▸ Your goal
All entries are to be copied verbatim, while the pictures stay out.
○ ○ ○
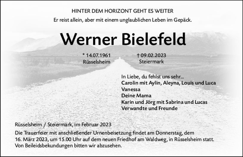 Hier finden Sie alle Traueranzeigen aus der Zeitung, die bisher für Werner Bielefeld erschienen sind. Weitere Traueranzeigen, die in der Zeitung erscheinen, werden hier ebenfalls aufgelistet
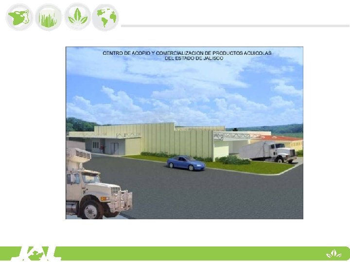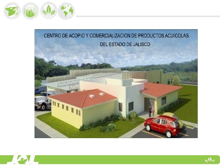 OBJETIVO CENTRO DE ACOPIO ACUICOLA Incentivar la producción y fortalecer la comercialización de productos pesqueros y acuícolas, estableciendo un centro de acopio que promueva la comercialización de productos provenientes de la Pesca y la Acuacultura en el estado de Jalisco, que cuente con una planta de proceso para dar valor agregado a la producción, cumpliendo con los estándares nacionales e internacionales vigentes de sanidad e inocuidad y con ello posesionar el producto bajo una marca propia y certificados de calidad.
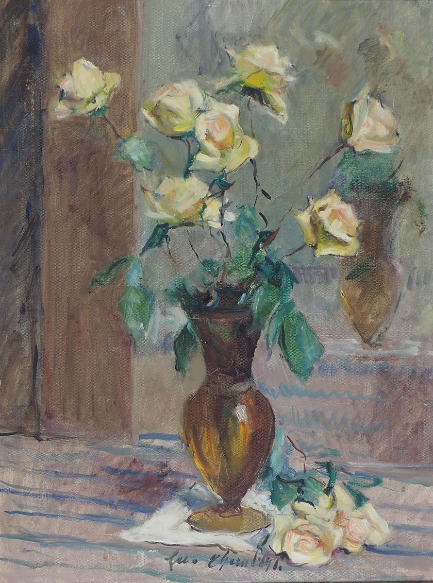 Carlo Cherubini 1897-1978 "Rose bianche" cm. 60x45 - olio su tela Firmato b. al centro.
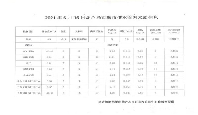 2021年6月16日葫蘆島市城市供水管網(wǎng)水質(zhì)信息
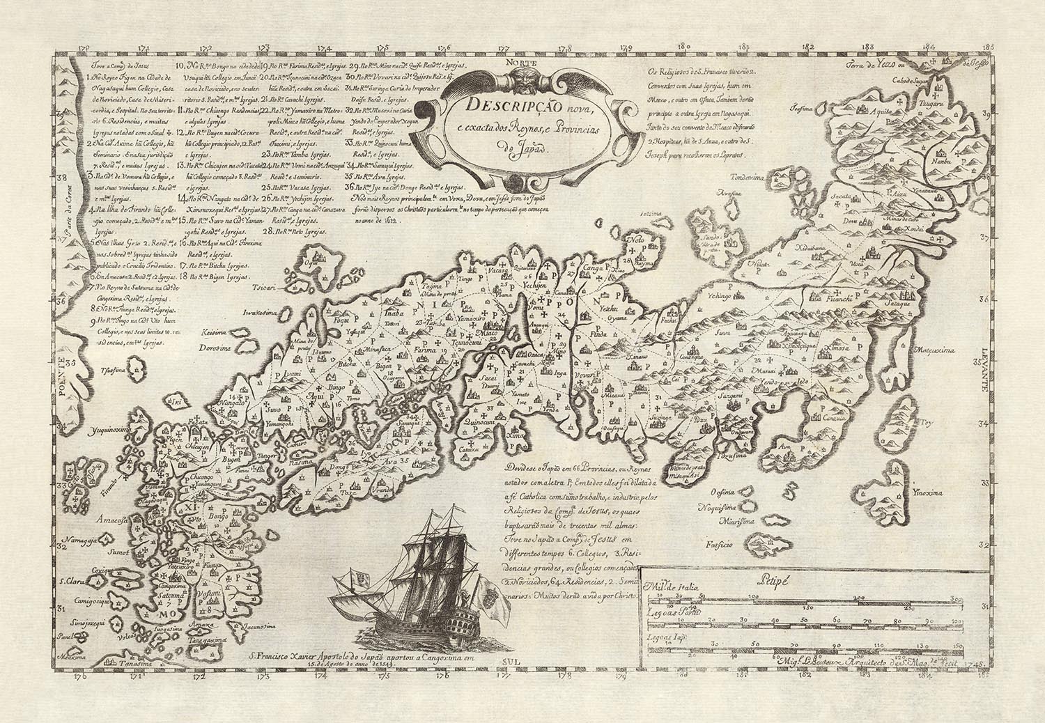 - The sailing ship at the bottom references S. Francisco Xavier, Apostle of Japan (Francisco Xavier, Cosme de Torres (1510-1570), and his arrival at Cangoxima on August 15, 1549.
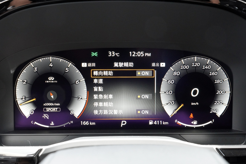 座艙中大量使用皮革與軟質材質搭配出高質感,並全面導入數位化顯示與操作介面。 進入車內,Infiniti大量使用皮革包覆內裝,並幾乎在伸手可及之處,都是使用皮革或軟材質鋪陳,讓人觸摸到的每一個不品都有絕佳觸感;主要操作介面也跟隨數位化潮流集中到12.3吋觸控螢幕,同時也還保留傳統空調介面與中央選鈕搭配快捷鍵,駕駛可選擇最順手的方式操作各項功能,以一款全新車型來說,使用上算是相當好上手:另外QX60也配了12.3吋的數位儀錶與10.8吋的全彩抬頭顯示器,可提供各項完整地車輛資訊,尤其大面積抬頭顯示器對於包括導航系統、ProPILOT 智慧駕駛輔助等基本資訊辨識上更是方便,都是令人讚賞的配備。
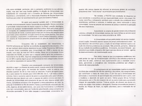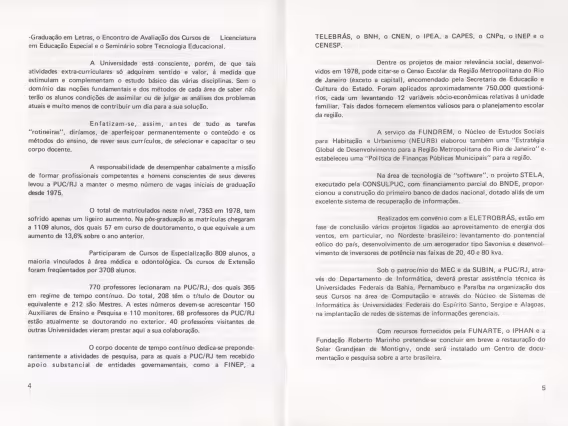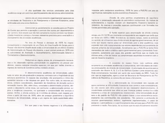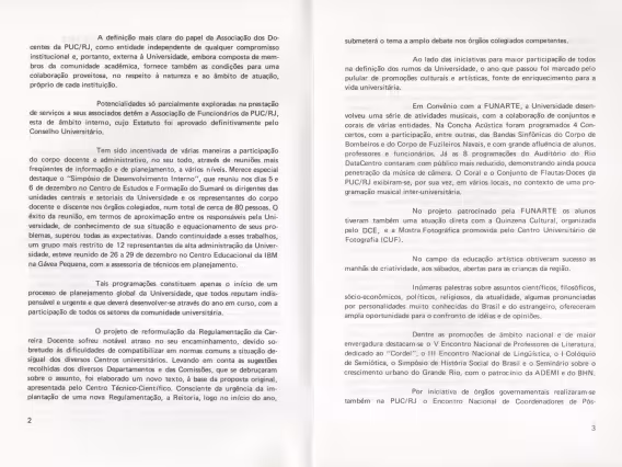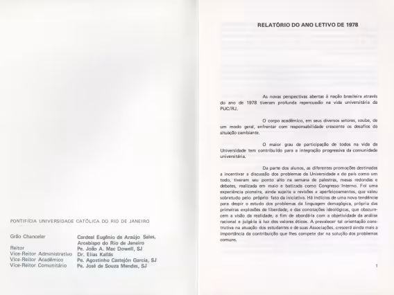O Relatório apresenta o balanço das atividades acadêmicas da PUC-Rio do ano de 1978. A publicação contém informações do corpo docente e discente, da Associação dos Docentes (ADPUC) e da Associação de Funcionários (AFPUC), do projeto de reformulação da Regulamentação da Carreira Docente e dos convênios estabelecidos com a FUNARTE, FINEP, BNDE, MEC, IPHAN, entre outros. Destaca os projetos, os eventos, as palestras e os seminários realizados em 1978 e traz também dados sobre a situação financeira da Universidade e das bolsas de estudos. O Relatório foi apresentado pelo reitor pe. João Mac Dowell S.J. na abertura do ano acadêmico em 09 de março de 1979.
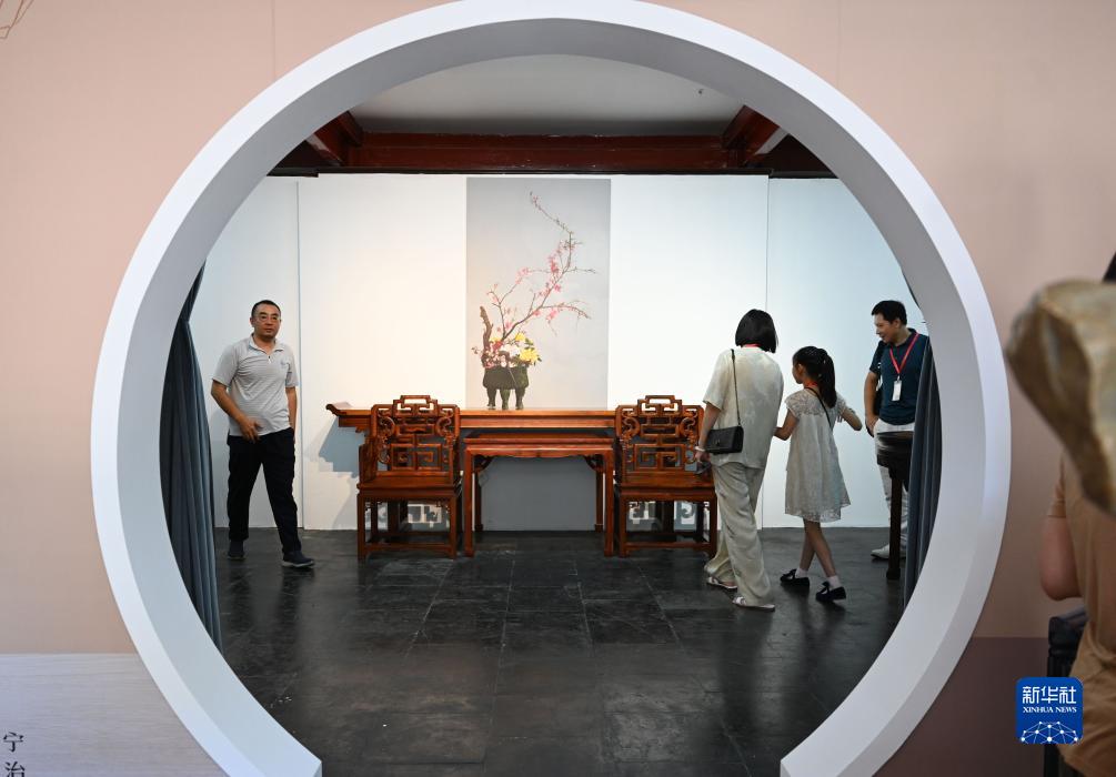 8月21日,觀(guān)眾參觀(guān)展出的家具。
○ ○ ○
▸ Answer space
 Hier finden Sie alle Traueranzeigen aus der Zeitung, die bisher für Werner Bielefeld erschienen sind. Weitere Traueranzeigen, die in der Zeitung erscheinen, werden hier ebenfalls aufgelistet
 OBJETIVO CENTRO DE ACOPIO ACUICOLA Incentivar la producción y fortalecer la comercialización de productos pesqueros y acuícolas, estableciendo un centro de acopio que promueva la comercialización de productos provenientes de la Pesca y la Acuacultura en el estado de Jalisco, que cuente con una planta de proceso para dar valor agregado a la producción, cumpliendo con los estándares nacionales e internacionales vigentes de sanidad e inocuidad y con ello posesionar el producto bajo una marca propia y certificados de calidad.
 Carlo Cherubini 1897-1978 "Rose bianche" cm. 60x45 - olio su tela Firmato b. al centro.
 2021年6月16日葫蘆島市城市供水管網(wǎng)水質(zhì)信息
 - The sailing ship at the bottom references S. Francisco Xavier, Apostle of Japan (Francisco Xavier, Cosme de Torres (1510-1570), and his arrival at Cangoxima on August 15, 1549.
 座艙中大量使用皮革與軟質材質搭配出高質感,並全面導入數位化顯示與操作介面。 進入車內,Infiniti大量使用皮革包覆內裝,並幾乎在伸手可及之處,都是使用皮革或軟材質鋪陳,讓人觸摸到的每一個不品都有絕佳觸感;主要操作介面也跟隨數位化潮流集中到12.3吋觸控螢幕,同時也還保留傳統空調介面與中央選鈕搭配快捷鍵,駕駛可選擇最順手的方式操作各項功能,以一款全新車型來說,使用上算是相當好上手:另外QX60也配了12.3吋的數位儀錶與10.8吋的全彩抬頭顯示器,可提供各項完整地車輛資訊,尤其大面積抬頭顯示器對於包括導航系統、ProPILOT 智慧駕駛輔助等基本資訊辨識上更是方便,都是令人讚賞的配備。
O Relatório apresenta o balanço das atividades acadêmicas da PUC-Rio do ano de 1978. A publicação contém informações do corpo docente e discente, da Associação dos Docentes (ADPUC) e da Associação de Funcionários (AFPUC), do projeto de reformulação da Regulamentação da Carreira Docente e dos convênios estabelecidos com a FUNARTE, FINEP, BNDE, MEC, IPHAN, entre outros. Destaca os projetos, os eventos, as palestras e os seminários realizados em 1978 e traz também dados sobre a situação financeira da Universidade e das bolsas de estudos. O Relatório foi apresentado pelo reitor pe. João Mac Dowell S.J. na abertura do ano acadêmico em 09 de março de 1979.
 8月21日,觀(guān)眾參觀(guān)展出的家具。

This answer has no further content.